Pictures aside, the output must consist of the lines from the one containing "適用時間、地點:依各分店營業時間及地址,請參考:這一鍋官網" through the end of the data, reproduced exactly.

[Information shown Boundary: Start]

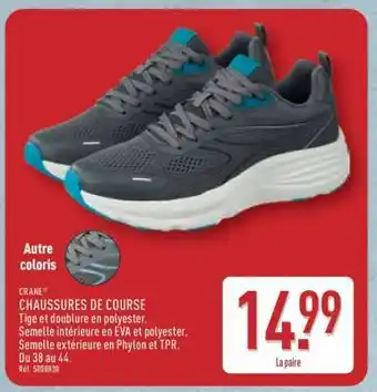 En plus de l'offre CHAUSSURES DE COURSE, ALDI propose une large gamme de produits. Consultez le Catalogue ALDI hebdomadaire pour découvrir les meilleures offres et promotions. En plus de CHAUSSURES DE COURSE, il y a aussi : Crane chaussures de course, Chaussures & CARE Tapis de course run-18.
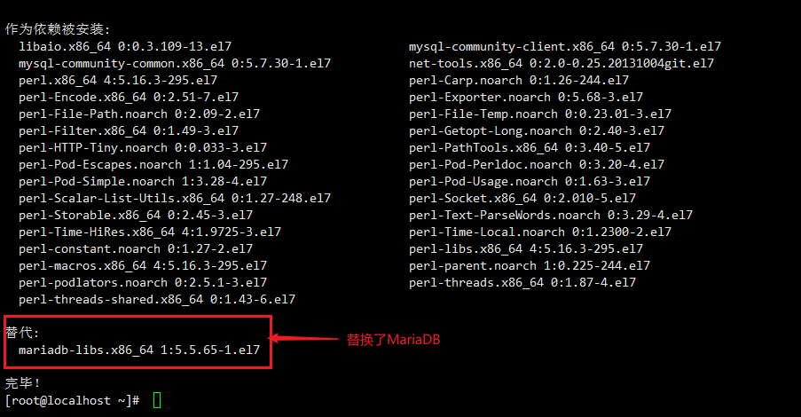 [4]、之后在线安装MySQL服务器:这里下载东西有点多,可能会下载很久(我网速快一下子就下载好了),耐心等待,安装完成后就会覆盖掉之前的mariadb。
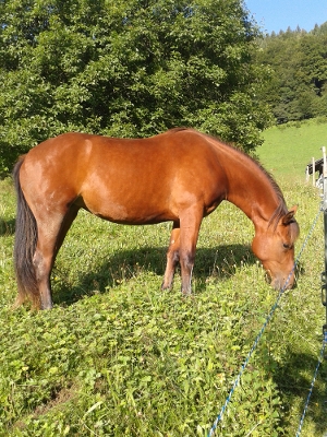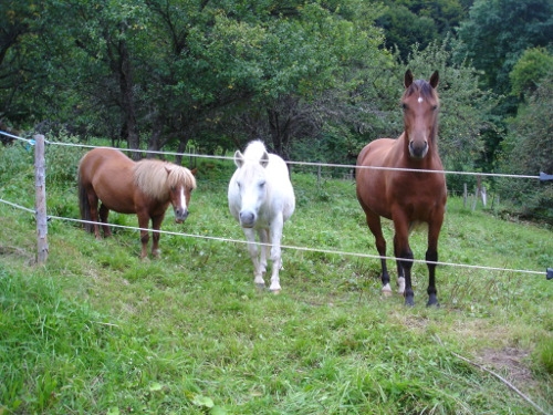 | Dire merci | Voici mes petites : Skady, Caline et Daïka![]() Caline : poney d'origines inconnues née à la maison le 13/05/1994 ![]() J'ai toujours rêvé de me racheter une petite jument. Pour cela je me suis tournée vers le Franche-Montagne pour le côté polyvalent et robuste puisque j'habite dans les montagnes de Haute-Savoie Ainsi Daïka, pouliche FM née le 25/03/2012, nous a rejoint en octobre 2012 ![]() Ne voulant pas que ma Caline -dite "la grosse"- reste seule lorsque Daïka -dite "la petite"- serait mise au travail je me suis mise à la recherche d'une ponette. Skady dite "la naine", poney shetland née en 2001 nous a rejoint en février 2014 ![]() Message édité le 16/01/16 à 12:18 |
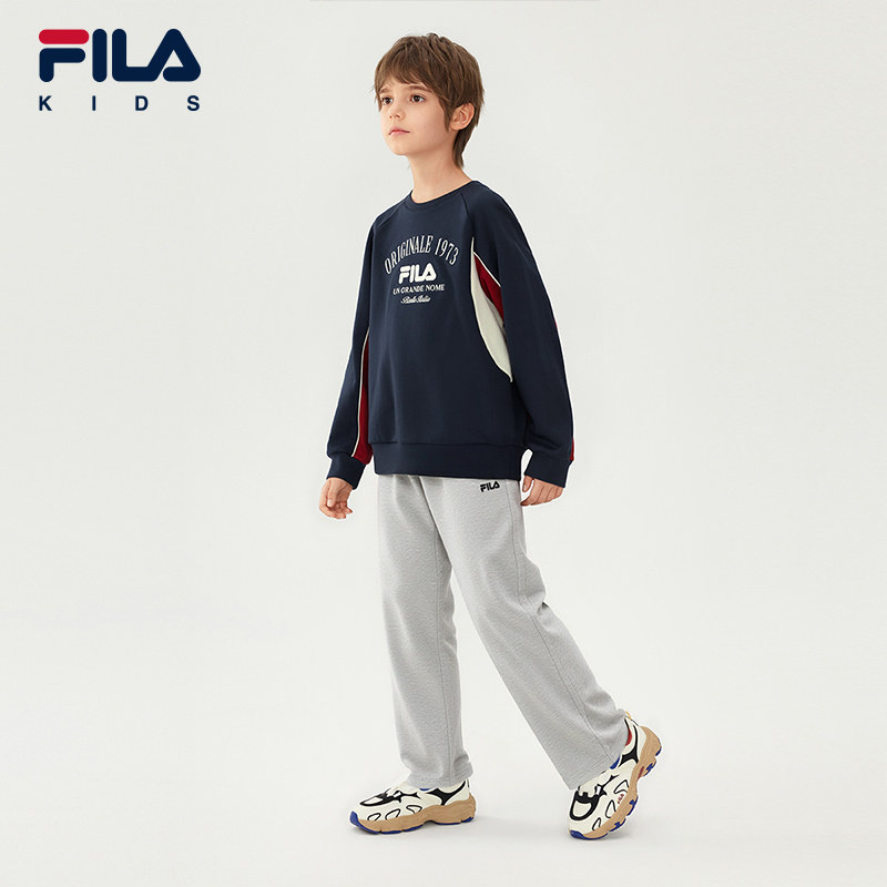FILA斐乐儿童童装长裤2025年冬季新款男童中大童休闲加绒直筒裤子
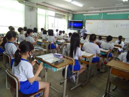 「小さな約束」の範奏を聴いて,旋律の特徴を感じ取ったり,音が重なり合う響きを聴き取ったりしました。
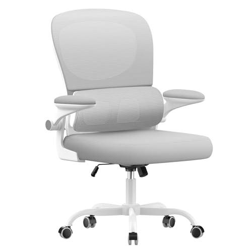 NASPALURO SEDIA DA UFFICIO,SEDIA SCRIVANIA CON SUPPORTO LOMBARE ADATTATIVO A FORMA DI C, REGOLABILE IN ALTEZZA, BRACCIOLI RIBALTABILI, POLTRONE UFFICIO A RETE TRASPIRANTE PER SCRIVANIA, CASA,GRIGIO
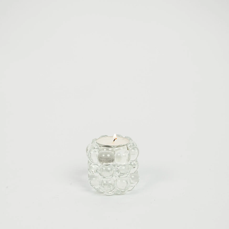 Lysestake Unni fra Olsson & Jensen er i glass. Den kan brukes begge veier, så den kan brukes til telys og kronelys.
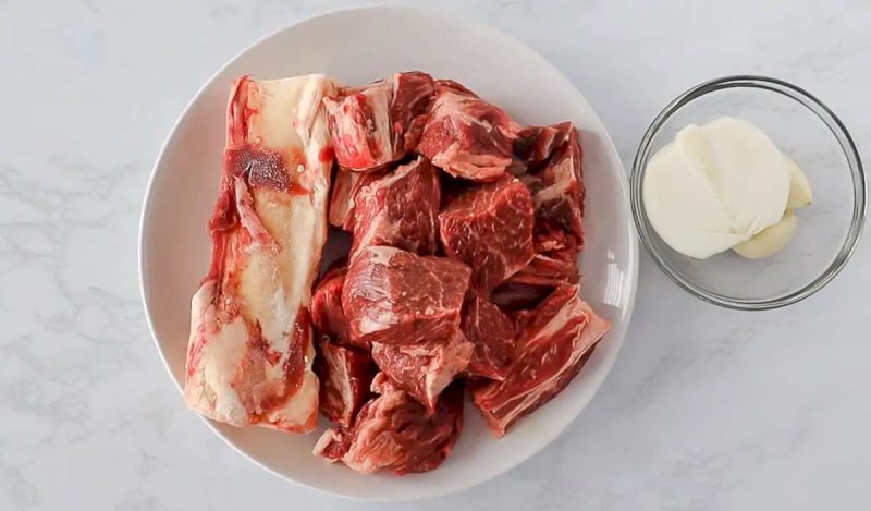 Agregue la carne cortada, los huesos, la cebolla, el ajo y la sal a la olla instantánea. Para darle más sabor puedes reducir la sal y agregar caldo de res. Llena la olla instantánea con 10 tazas de agua. Estas medidas son para una olla instantánea de 8 cuartos .
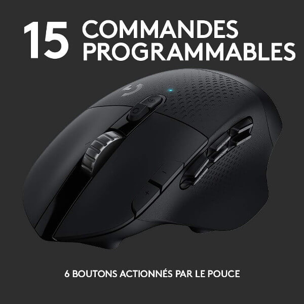 La souris G604 Lightspeed intègre le capteur optique Logitech HERO qui assure précision et justesse. La résolution est réglable à la volée via 5 paliers pour une sensibilité allant de 240 à 16 000 dpi. Eh oui, 16 000 dpi au sein d'un capteur optique ! Qui a dit que précision et rapidité n'allaient pas de pair ? Avec son accélération maximale à 40 G et son taux de rapports USB à 1000 Hz, soit 1 ms seulement, décrocher la victoire n'est plus qu'une formalité... usez (et abusez) de votre avantage pour triompher.
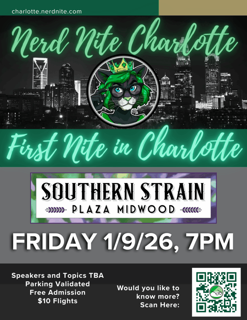 Updated November 29, 2025: the First Nite in Charlotte show was pushed back to January 9th after getting feedback from potential presenters (a lot of people loved the idea, but a Thursday night show would have been a challenge). Going forward we’re planning on having the show on the 2nd Friday of the month.
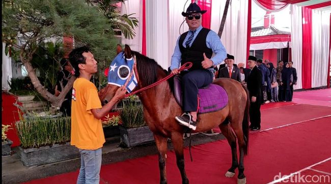 Pria yang akrab disapa Arjun tak canggung saat menunggang kuda. Padahal sejawatnya banyak yang naik berbagai kendaraan mewah saat hadir di pelantikan.
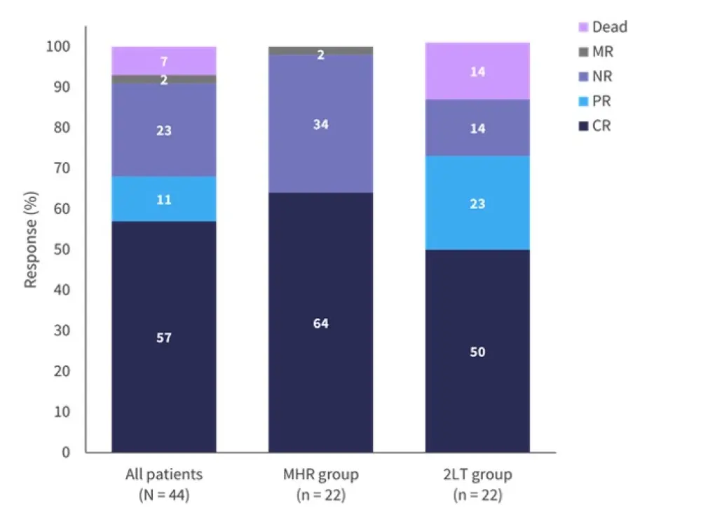 2LT, second-line treatment; CR, complete response; MHR, Minnesota high-risk; MR, minimal response; NR, no response; PR, partial response.
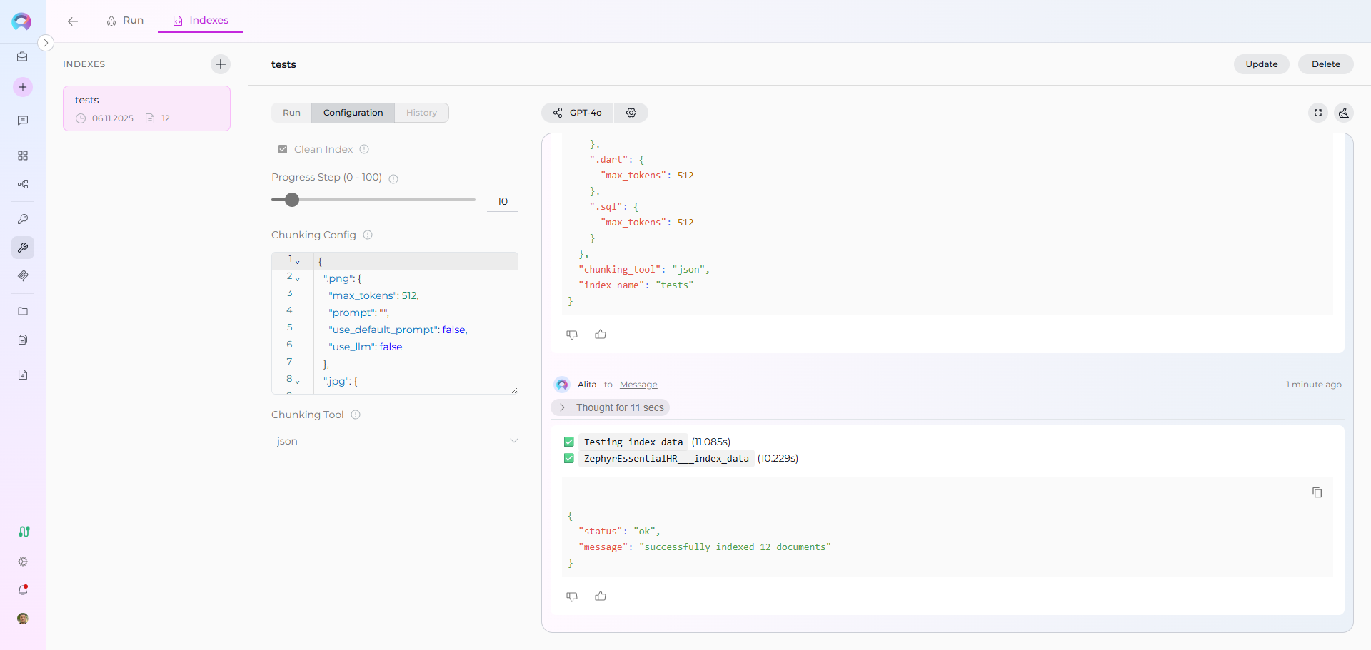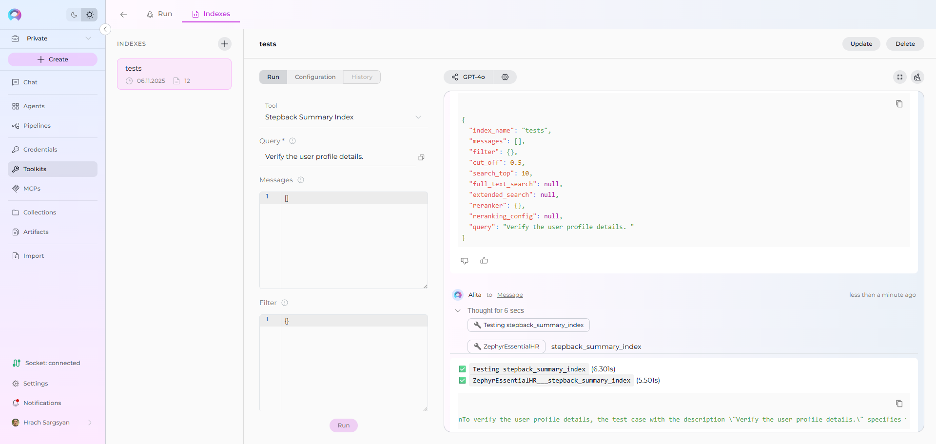 This guide provides a complete step-by-step walkthrough for indexing Zephyr test management data and then searching or chatting with the indexed content using ELITEA's AI-powered tools.
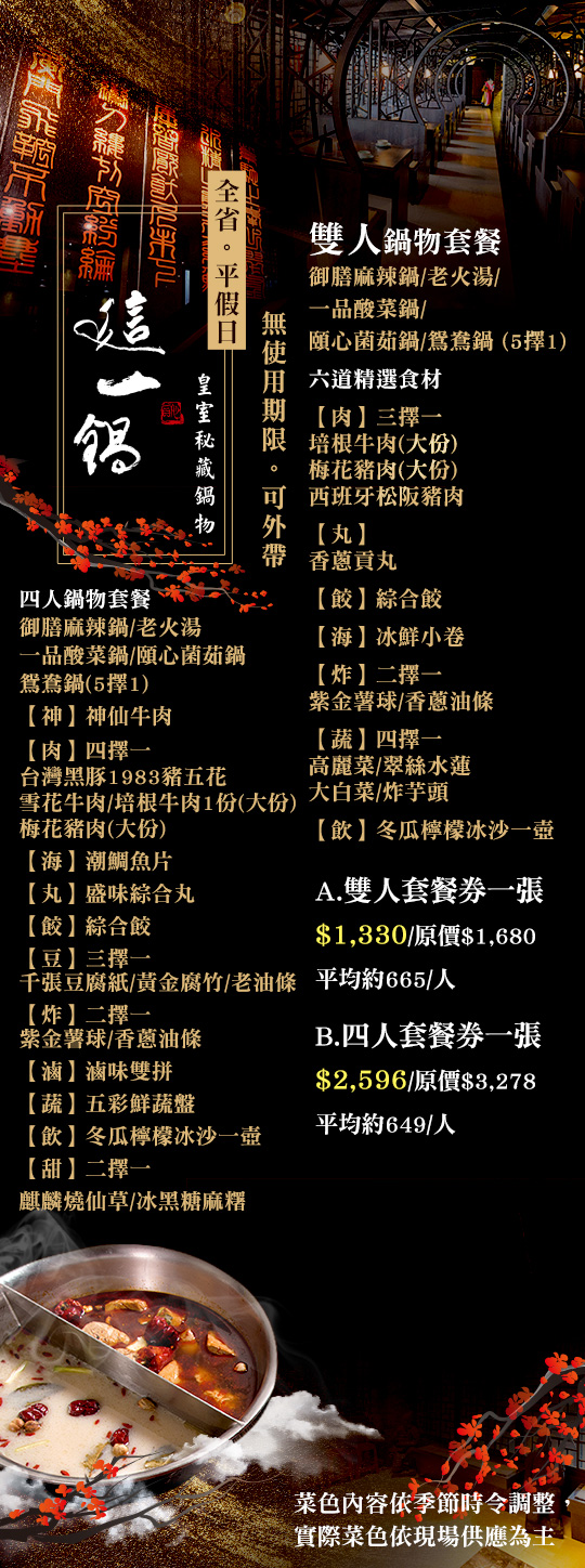 適用時間、地點:依各分店營業時間及地址,請參考:這一鍋官網
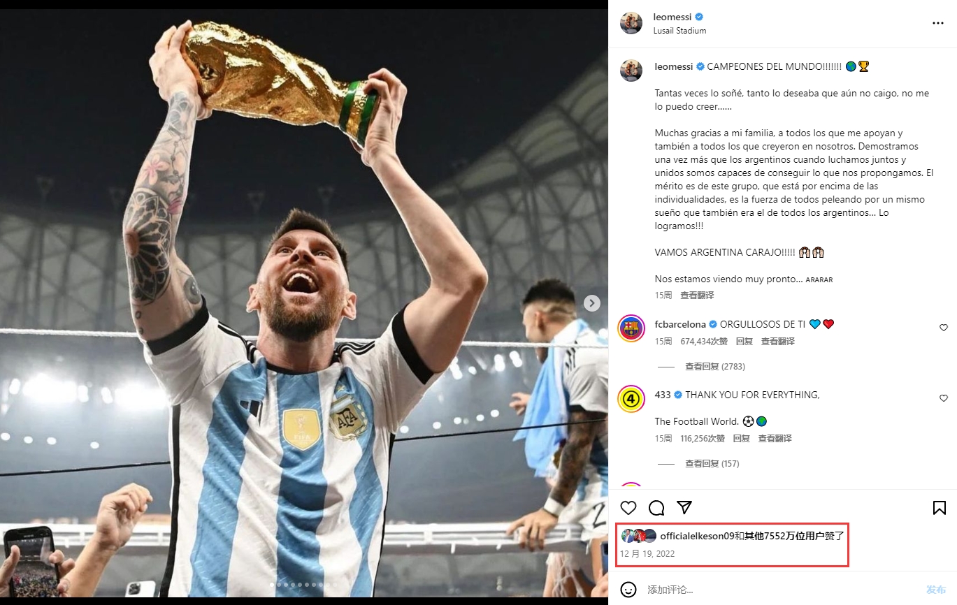 2022年12月21日,梅西这条ins的点赞数达到6311万,创所有社交媒体的点赞数历史之最。

[Information shown Boundary: End]

Problem solution:
 適用時間、地點:依各分店營業時間及地址,請參考:這一鍋官網
 2022年12月21日,梅西这条ins的点赞数达到6311万,创所有社交媒体的点赞数历史之最。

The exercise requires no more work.